The Trump administration has separated more than 900 migrant children from their parents at the southern border by exploiting a legal loophole in a preliminary court injunction intended to speed up the reunification of families, according to a court motion filed by the American Civil Liberties Union.
In a 218-page motion filed Tuesday in U.S. District Court in Southern California, ACLU attorneys contend the administration has removed numerous children, including babies, from their mothers and fathers based on offenses as minor as traffic violations and misdemeanor charges dating back more than two decades.
"The government is systematically separating large numbers of families based on minor criminal history, highly dubious allegations of unfitness, and errors in identifying bona fide parent-child relationships," the ACLU's motion reads. "Hundreds of children, some literally just babies, are being irreparably damaged because their parent may have committed a minor offense in the past, even a traffic offense."
In June 2018, Judge Dana Sabraw of the U.S. District Court in San Diego issued a preliminary injunction that was supposed to halt most instances of migrant parents and children being separated after crossing the border from Mexico and being detained and prosecuted under the Trump administration's "zero tolerance" policy.
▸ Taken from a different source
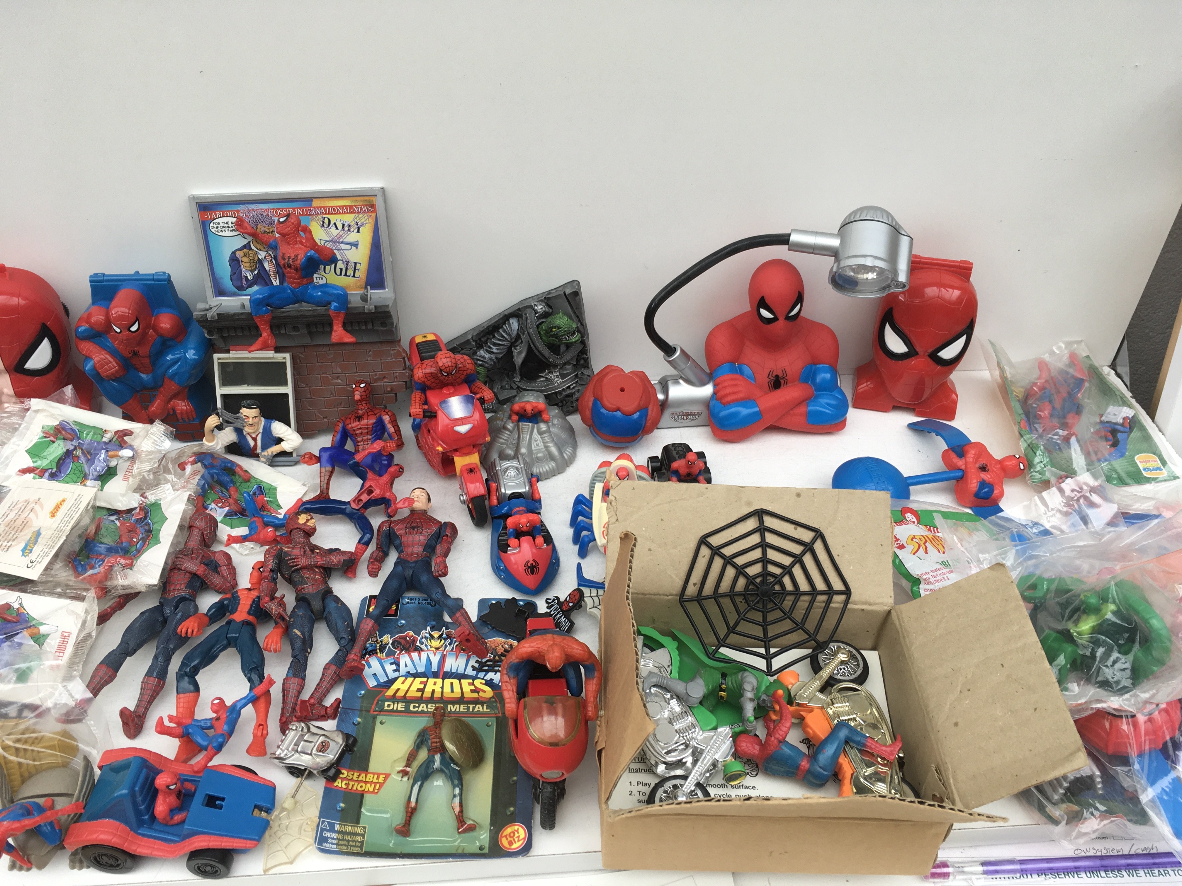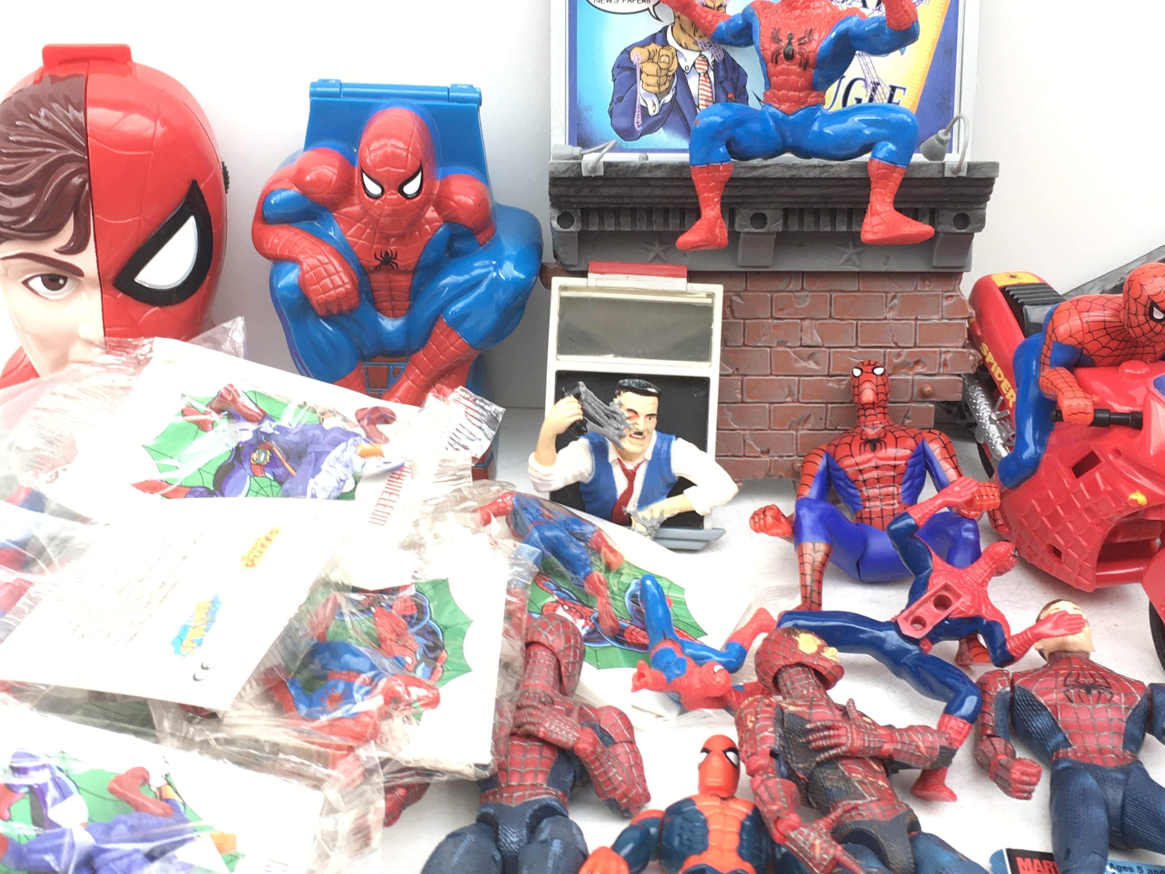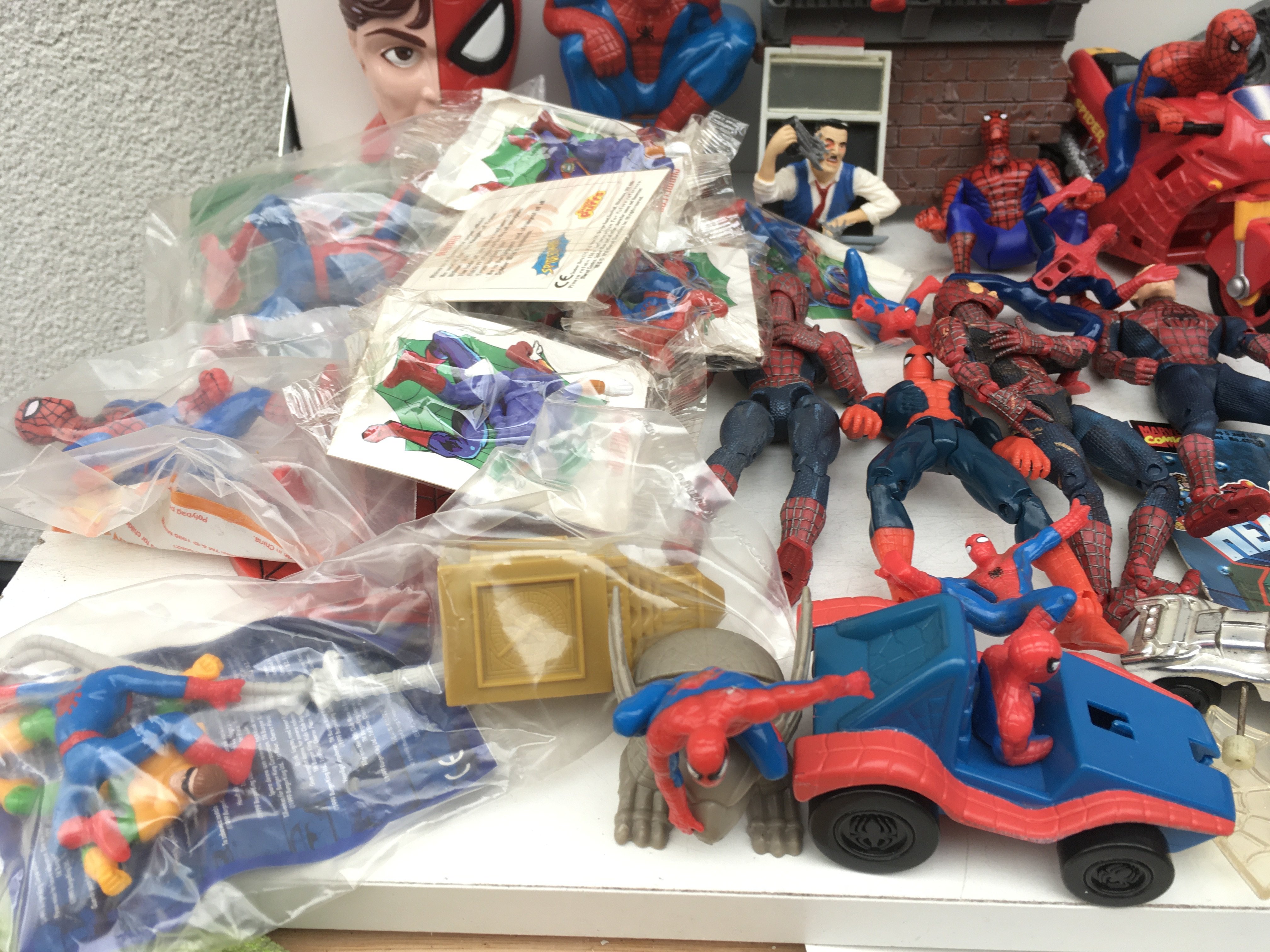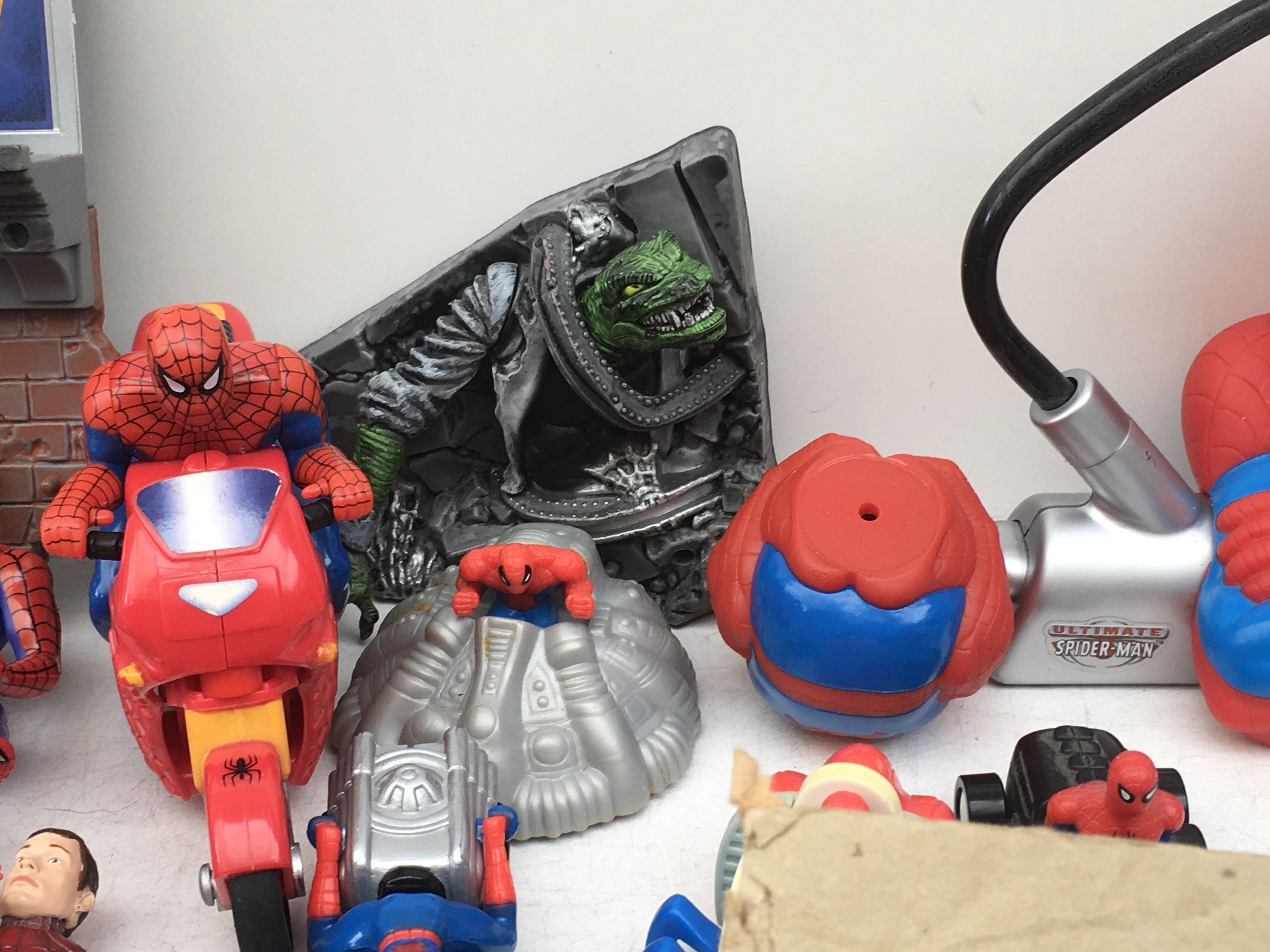 A collection of Spider-Man items including action figures..vehicles..unopened McDonald’s toys..play sets etc

Sabraw stated that his ruling was meant to "expedite the immediate reunification of the bulk of the separated families."
But the ACLU claims the order left a loophole by allowing the government to continue separating children from parents who are found unfit or have criminal histories.
Since the injunction did not specifically spell out what it meant by "criminal history," the government, according to the ACLU motion, is using "any criminal history, no matter how minor" to separate parents and children.
"The administration must not be allowed to circumvent the court order over infractions like minor traffic violations," Lee Gelernt, the ACLU attorney who filed the motion, said in a statement.
Gelernt called the Trump administration's practice a "cruel and illegal policy."
A spokesperson for the U.S. Customs and Border Protection (CBP) and the Department of Homeland Security declined to comment, citing the ongoing litigation.
Mark Morgan, the newly-appointed acting CBP chief, testified at the Senate Homeland Security Committee on Tuesday, saying, "The demonizing of law enforcement professionals must stop."
Morgan slammed reports from a recent fact-finding trip to the Southern border by House Democrats as "simply not true."
"The men and women of the CBP are not running concentration camps, making those in custody drink from toilets, nor denying them access to toothbrushes," Morgan said, referring to allegations made by the House Democrats who journeyed to the border. "It's unjust and does nothing to bring us closer to resolving one of the most divisive issues that we face in our country."
In the motion, the ACLU attorneys asked the court to hold a hearing "as soon as practicable," saying the situation at the border has "reached a critical juncture."
The ACLU attorneys asked the court to make clear that the Trump administration "may not separate based on criminal history regardless of the severity of that history" nor can it separate families without a concrete assessment of a parent's fitness.
The ACLU's motion contends that from June 28, 2018, the day Sabraw issued the preliminary injunction, through June 29, 2019, the government separated 911 children, including babies and toddlers, from their parents. The group claims the average age of all separated children is 9.
Among the parents separated from their children, according to the ACLU motion, were:
-- Six parents convicted of marijuana possession.
-- One parent convicted of shoplifting and driving without a license.
-- A parent convicted on a "false police report" in a hit-and-run case 26 years ago.
-- A father convicted of "malicious destruction" of $5 worth of property.
The ACLU, according to its motion, also found that a father was separated from his three young daughters because he was diagnosed with HIV.
The government "did not explain why they believe an HIV diagnosis rendered the father dangerous to his own children," the motion reads.
In another case, a mother who broke her leg crossing the border had her child taken away while she was being treated in a hospital, according to the motion. The mother and child remained separated for 79 days until her lawyer filed a motion demanding the child's release, the motion says.
The motion also claimed that a 3-year-old girl was taken from her father because CBP agents did not believe they were related even though the father's name was on the child's birth certificate and he presented other supporting documents and took a DNA test to confirm paternity. Meanwhile, the daughter was sexually abused while in the government's care "and appears to be severely regressing in development," according to the motion.
Astrid Dominquez, director of the ACLU's Border Rights Center, told ABC News on Wednesday that the CBD is maintaining a policy of "cruelty" to discourage migrants from crossing the border.
"But these are asylum seekers," Dominquez said. "What Border Patrol is not doing is trying their best to process people and treat people in a humane way."